Our constitutional right to privacy is a complicated and often politically charged area of the law. It is extremely important that a Supreme Court nominee approach this issue as a fair and independent-minded jurist who will uphold settled law, and not approach it with a politically motivated agenda.

While Judge Roberts acknowledged that a right to privacy exists, he refused to explain what he believes that right actually encompasses. Like Justice Thomas in his testimony before the committee, Judge Roberts refused to say whether he believed the right to privacy extended beyond a married couple's right to contraception. Senator Schumer asked Judge Roberts whether he agreed that there is a ``general'' right to privacy provided in the Constitution. Roberts' response was, ``I wouldn't use the phrase `general,' because I don't know what that means.''

He repeatedly refused to answer whether the right to privacy protects a woman's right to make her own reproductive choices, and like many women across the country, I was very disappointed that he was evasive in answering this important privacy question.

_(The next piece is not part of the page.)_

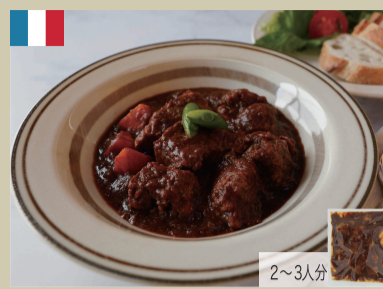
赤ワイン風味ビーフシチュー 500g 1,850円(税込1,998円)

ロース肉を低温でじっくり加熱しローストポークに仕上げました。隠し味にニンニクで下味を付けていますので食欲をそそります。

How Judge Roberts will approach and decide these questions of law will have a profound impact on not just our lives but on the lives of our children and grandchildren.

I had hoped that the hearings would give us insight into his legal reasoning and judicial philosophy on all of these important issues. And I strongly believe that the American people deserve these answers. This isn't a decision that should be based on guesswork or a leap of faith.

So all we have to go on are Judge Roberts' own writings over the past 25 years. Based on this record, I cannot in good conscience cast my vote for John Roberts to be Chief Justice of the United States Supreme Court.